Gebruikers van psychedelische drugs hebben door de tijd heen hun ervaring als geestverruimend beschreven. Het zal voor hen een verrassing zijn om te horen dat psilocybine – de werkzame stof in paddo’s – eigenlijk de bloedtoevoer naar de hersenen vermindert, alsmede de verbindingen tussen belangrijke gedeeltes van de hersenen die de perceptie en cognitieve vaardigheden regelen.

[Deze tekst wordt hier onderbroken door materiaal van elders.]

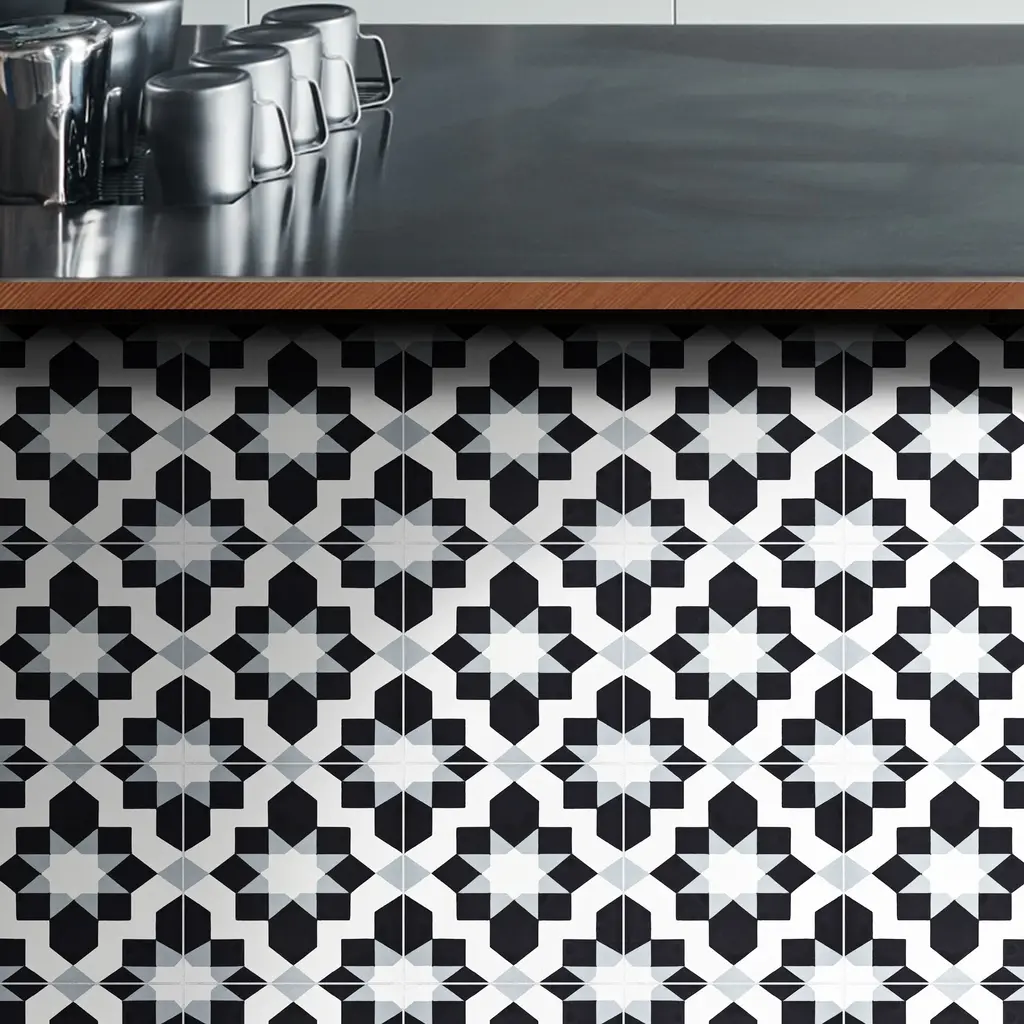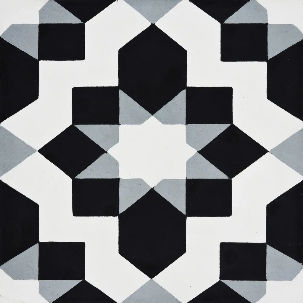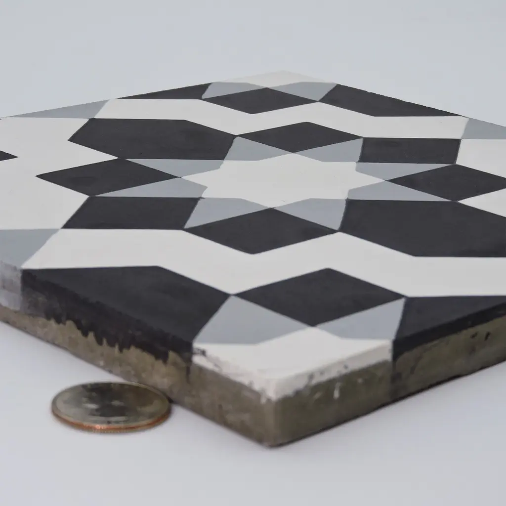 Design a dazzling backsplash, floor, or wall with these stunning tiles. Handmade by skilled Moroccan artisans for superior craftsmanship and traditional authenticity. These decorative tiles made from cement are durable indoors and outdoors. Weather-resistant and waterproof, the eco-friendly Moroccan tiles support your commitment to a greener home. Features:Other Sections:Story Behind the Art: "It's more than tile, it's art." That simple statement is what sets the craftsmanship of Moroccan Mosaic apart from the rest. Based in the small city of Sale, Moroccan Mosaic is a family business going back 4 generations. When Simo, the current head of the business graduated from university in New York, he had little interest in the family business. But on a return trip home, he saw that the business was not doing well and set about reviving it. One important change he made was introducing black, grey, and white designs to appeal to American and European customers. It worked. When he started, they employed 2 workers and now they have nearly 80 on staff. The workshop itself is fairly simple, and the techniques used to create the tiles are steeped in tradition. Some modern equipment is available, though the workers prefer to use the more rustic tools. The creative process is time intensive and done by hand, as Simo insists on no corners be cut or production be rushed. Environmentally responsible and resource efficient, no chemicals are used at any step. For example, colors used come from nature literally. Green comes from mint leaves, orange from orange peel, and black from charcoal. The tiles themselves are a simple mixture of cement, sand, and granite powder. Moroccan Mosaic hires only local workers, teaching them a valued skill as well as paying them fair wages. Simo's goals for his business are to share the tradition of gorgeous Moroccan tile, grow the business, and employ more and more workers . Please be aware that if you order more than 151 pounds of tile or flooring, the order may need to be shipped Freight and our Oversized Item Delivery/Return policy will apply. Please click here for more information.

Dezelfde gebieden kunnen overactief zijn bij mensen die depressief zijn, waardoor de drug een mogelijk medicijn kan zijn voor deze stoornis. Dit onderzoek meet als eerste de effecten van psilocybine door middel van fMRI, en dit is het eerste Britse experiment in jaren waarvan menselijke proefpersonen en een hallucinogene drug deel uitmaakten.
Robin Carhart-Harris van het Imperial College in Londen en zijn collega’s vonden dertig vrijwilligers die zich lieten injecteren met psilocybine en hun hersenen lieten scannen met fMRI.
Verminderde doorbloeding
Er was sprake van een verminderde doorbloeding in de gebieden van de hersenen die bekend staan als de thalamus, de ‘posterior cingulate’ en de prefrontale cortex. “De vermindering was verrassend. We dachten dat de ervaring zou leiden tot meer activiteit, maar dat idee is duidelijk te simplistisch,” zegt Carhart-Harris. “We zagen nergens een toename.”
Er waren ook minder connecties, zoals tussen de hippocampus en de posterior cingulate en de prefrontale cortex.
“Bij psilocybine zie je een verminderde ‘conversatie’ tussen de hippocampus en die delen van de cortex,” zegt Carhart-Harris. “Veranderingen qua functie in met name de posterior cingulate worden geassocieerd met een bewustzijnsverandering.”
Stemmingswisselingen
Psilocybine lijkt qua chemische structuur op serotonine – een hormoon dat van belang is bij het reguleren van je stemming – en daarom bindt de stof zich aan serotoninereceptoren van zenuwcellen in de hersenen. De drug heeft een mogelijk een therapeutisch potentieel omdat het serotoninesysteem in zenuwcellen ook een doelwit is van bestaande antidepressiva.
Een onderzoek van vorig jaar door Charles Grob aan de universiteit van Californië toonde aan dat mensen in de terminale fase van kanker aanzienlijk minder angstig en minder depressief waren na toediening van psilocybine.
Franz Vollenweider, die werkzaam is in een vergelijkbare branche in het Psychiatric University Hospital in Zurich, Zwitserland, zegt dat de onmiddellijke effecten van psilocybine niet zo belangrijk zijn als de effecten op de langere termijn. Dat komt doordat psilocybine zorgt voor een toename van genexpressie en signaaleiwitten die geassocieerd worden met het aanmaken van zenuwcellen en verbindingen, zegt hij: “We denken dat de antidepressieve werking van psilocybine te wijten kan zijn aan een toename van factoren die neuroplasticiteit op de lange termijn activeren.”
Carhart-Harris heeft zijn werk vorige week gepresenteerd op de Breaking Convention conference aan de Universiteit van Kent in Canterbury (GB).